Huffman Coding Compression

Huffman code is a type of optimal prefix code that is commonly used for lossless data compression. The output from Huffman's algorithm can be viewed as a variable-length code table for encoding a source symbol (such as a character in a file). Huffman coding derives from the estimated probability or frequency of occurrence (weight) for each possible value of the source symbol. More common symbols are represented using fewer bits than less common symbols.

Frequently occurred alphabets occupy fewer bits, therefore overall supposingly the file take lesser space.

Huffman's decoding can be efficient. Decoding codes based on the frequency occurrence of characters means that frequently used source symbols are faster to be decoded than those low occurrence source symbol.

Things to take note during Huffman coding programming

Huffman coding sum up equal to 0 (e.g '00', '0000000', '0000') are not feasible in programming. Although theoretically is possible. This will cause programming error when decoding. However if Huffman coding's total '0' bits more than or equal to 1 byte (e.g. '0 0000 0000'), the programming become feasible instead.
New line feed '\n' actually is one of ASCII code, hexadecimal '0x0A'. Therefore new line feed '\n' should be encoded like other characters during the programming.
When reading data from the file, it should be programmed such that the encoder & decoder software should read all the data from the file once instead of line-by-line. As I mentioned before, line feed '\n' actually is one of ASCII family charaters. Programming error will occured if software was written that way.

Above points had detoured me for awhile during code writing.

By implementing Huffman coding, we can encrypt data files. And only we can decode them as long as we keep the specific Huffman Tree we are using.

1) Sample Visual c++ programming code #1 - for txt files only containing alphabet and line feed

Huffman Coding Compression source code:

Encoding source code: HuffZipping-10.cpp, Huff_Zipping-10.exe

Decoding source code: Huff_Unzipping-4.cpp, Huff_Unzipping-4.exe

Execution file 'Huff_Zipping-10.exe' is to encode files containing alphabet and line feed. While execution file 'Huff_Unzipping-4.exe' is to decode and revert back the original alphabet files.

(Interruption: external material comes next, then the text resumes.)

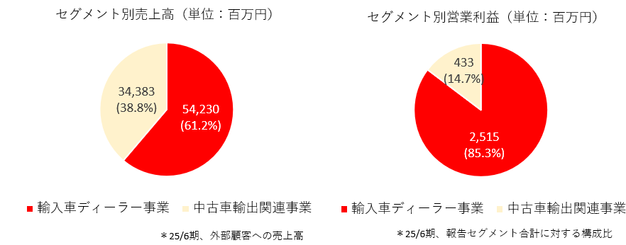報告セグメントは「輸入車ディーラー事業」「中古車輸出関連事業」の2つ。

Only the below capital letter can be use for encoding in this example code#1: 'A', 'B', 'C', 'D', 'E', 'F', 'G', 'H', 'I', 'J', 'K', 'L', 'M', 'N', 'O', 'P', 'Q', 'R', 'S', 'T', 'U', 'V', 'W', 'X', 'Y', 'Z' and line-feed '\n'.

Huffman Tree graph - Alphabet only for sample programming code #1

Pros and Cons of Huffman Coding

1) If the file's frequency occurrence of characters are not follow to standard distribution, the output of Huffman coding file might be larger than original file which will defeat the purpose of compressing a characters files. Therefore compression using Huffman coding method might not be workable all the times.

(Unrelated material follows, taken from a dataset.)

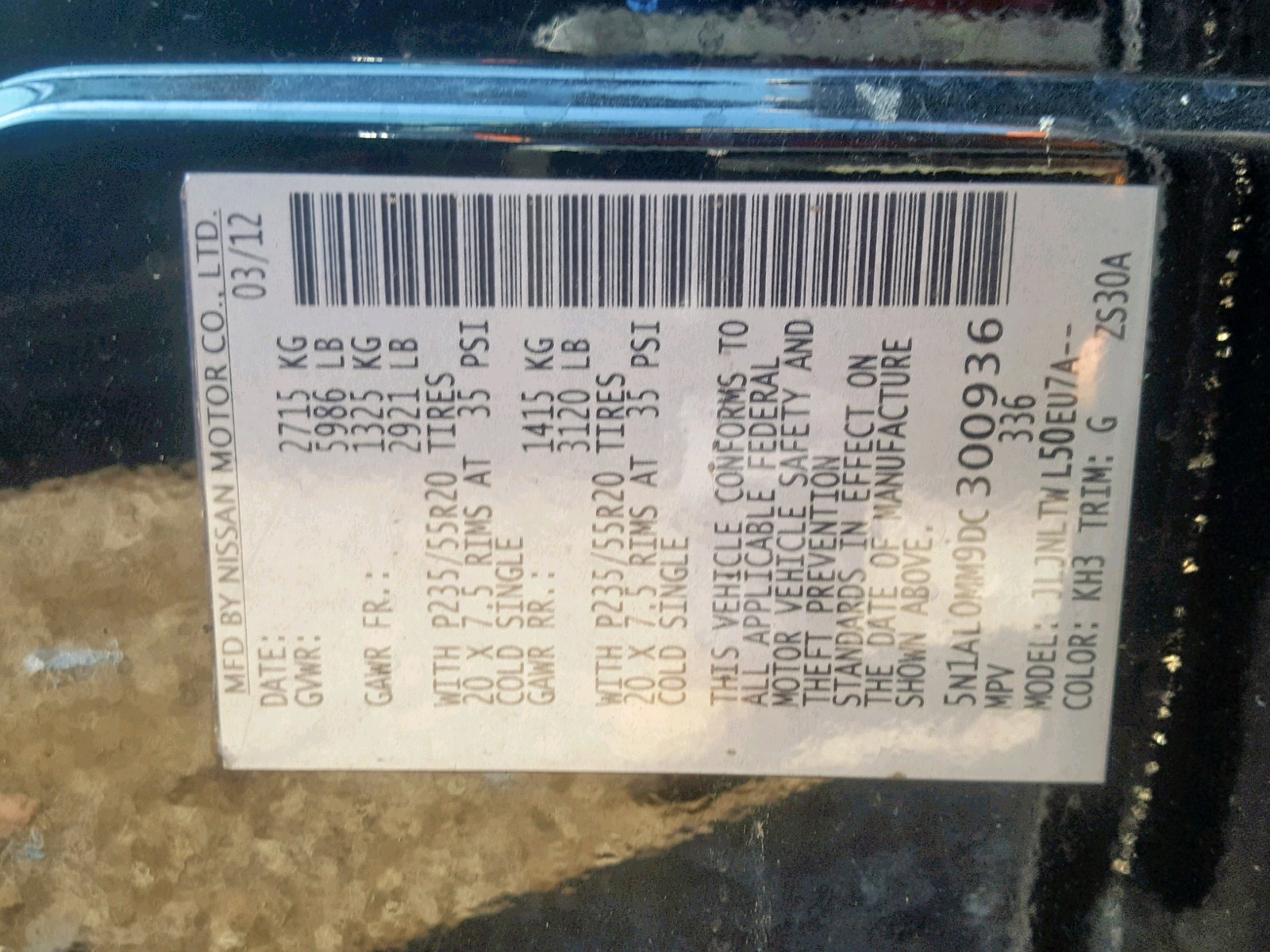 VIN: 5N1AL0MM9DC300936

2) Huffman coding can encode any types of characters in ASCII and others.

3) Huffman coding unlike other encryption method only encrypt characters till byte level. Huffman coding are encoding characters till the bits level, which make the encoded output files highly secure.

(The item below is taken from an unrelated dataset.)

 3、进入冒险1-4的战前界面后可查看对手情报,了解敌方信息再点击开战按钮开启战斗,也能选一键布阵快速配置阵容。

4) By making the Huffman encoding Tree not follow to standard & predictable frequency occurrence of characters, we can make the output encryption file very difficult to decode. For instance character 'E' has very high frequency of occurence (12.8), we can break it down to 10 separate tree nodes which all refering to character 'E'. By this way, people will not able to decode the encrypted file based on charaters frequency of occurence.